Leonardo Guzmán
Leonardo Guzmán

Las ansias de silencio

Silencio en la puja.

Hace 30 años, el 11 de abril de 1989, el Poder Ejecutivo promulgaba la ley 16019, que mandó “cesar necesariamente cuarenta y ocho horas antes del día en que se celebren los actos comiciales” los “actos de propaganda proselitista en la vía pública o que se oigan o perciban desde ella, o que se efectúen en locales públicos o abiertos al público y en los medios de difusión escrita, radial o televisiva”, así como la divulgación de “encuestas o consultas” y “manifestaciones o exhortaciones dirigidas a influir en la decisión del Cuerpo Electoral”.

En el júbilo de la restauración democrática presidida por Sanguinetti, la unanimidad del Senado aprobó la veda. Era claro que ella buscaba purificar el ánimo del Cuerpo Electoral, dándole a cada ciudadano que no fuese militante sectorial, dos jornadas enteras de reflexión en el cuarto secreto del alma que pronuncia cada voto. Pausa con intención republicana, se obedeció sin fisuras importantes. Hasta que, en la última década, la nueva tecnología impuso el mensaje instantáneo, con autor oculto y sin editor responsable, armado para saltar las vallas y entrar a mansalva en pantallas, correos y whatsapp.

Pero aun horadado desde Internet, el silencio en las 48 horas previas a votar sigue incorporado a nuestras costumbres y no se vive como una limitación a la libertad sino como un bien mayor de nuestro sistema democrático.

¿Beneficia la veda preelectoral a los partidos, al prohibir la publicidad engañosa de último momento? Sí, pero más beneficia al ciudadano, que usa esos dos días para afinar su conciencia y terminar de decidir su sufragio-esperanza.

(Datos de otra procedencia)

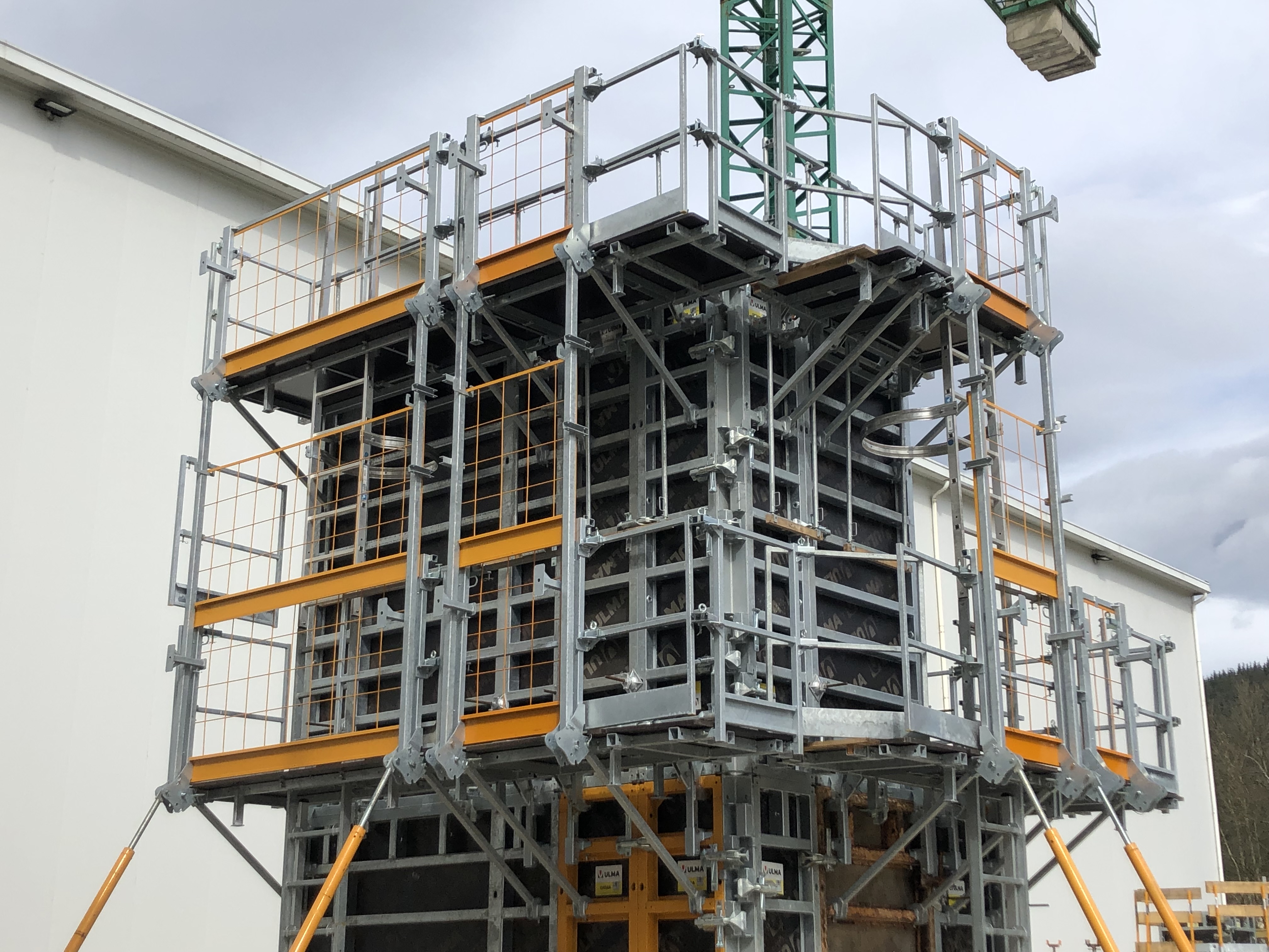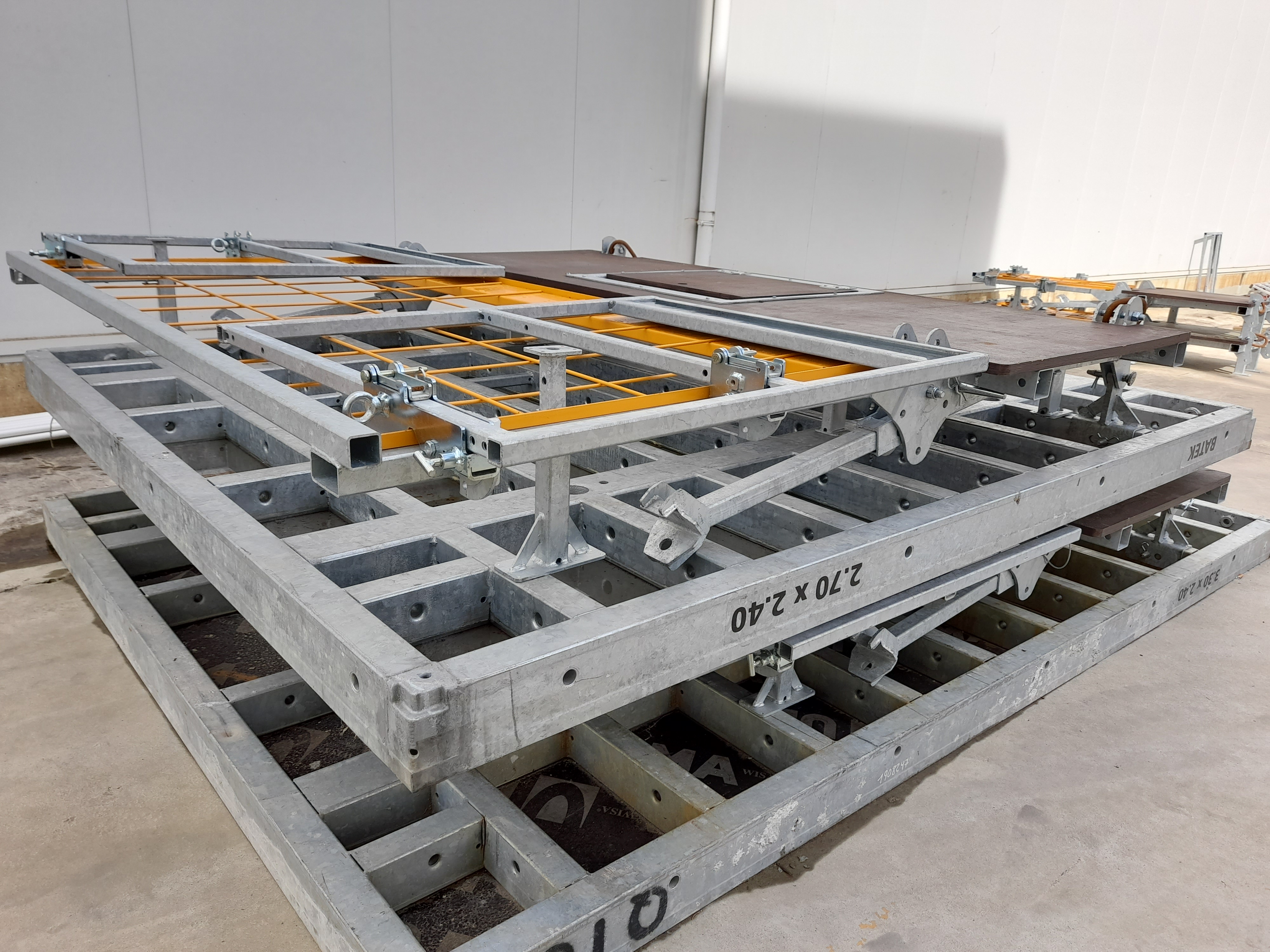 Nie mniej istotnym aspektem jest bezpieczna obsługa deskowania na budowie. System FSP został zaprojektowany w sposób umożliwiający składowanie i przenoszenie w pozycji poziomej płyt deskowania wraz z zamontowanymi podestami. Możliwość sztaplowania płyt z pomostami pozwala na oszczędność miejsca potrzebnego do ich składowania na budowie oraz przyspieszenie prac montażowych.

En esta vuelta electoral, aumentó ostensiblemente el ofertorio de partidos. Como la prédica de principios ha sido sustituida por afirmaciones sectoriales y planteos descoyuntados, como la doctrina ha sido sustituida por el marketing político, nos desembarcó una fiebre divisionista. Hoy para distinguirse y armar lema aparte, basta arremeter con una o dos escuálidas “ideas a tener en cuenta” que se elevan a la categoría de verdades-panaceas.

Si en este contexto levantamos la mirada en torno y al frente, salta a la vista que, como “asociación política de todos los habitantes de su territorio”, el Uruguay está reclamando a gritos coordinar los distintos énfasis que lo contraponen por dentro y sintetizarlos en visiones amplias, que apunten a una República capaz de vertebrar todos los sentimientos nobles y todas las metas elevadas. Esa es una misión dinámica y unificadora que debemos encargarle con urgencia al esfuerzo creador de pensar, planteando tesis y discutiéndolas, en todos los planos y en todos los niveles de cultura. Sabemos que hace años esa clase de esfuerzos pasó de moda. Es más cómodo acuñar eslóganes, encargar estudios, medir el PBI o importar idearios. Pero ya vemos a qué podemos llegar si en vez de forjar entre todos respuestas que sean nuestras, nos limitamos a preguntar si puede suceder en el Uruguay lo mismo que en la Argentina, Chile, Bolivia, Ecuador, Venezuela, Cuba o México.

Esa lista sirve para crispar almas pero no para sentar una convivencia donde la libertad se amalgame con la justicia, cultivando a la persona, sede primera e instrumento insustituible del progreso individual, familiar y colectivo, como nos enseña a todos el proyecto humanista que es la Constitución Nacional.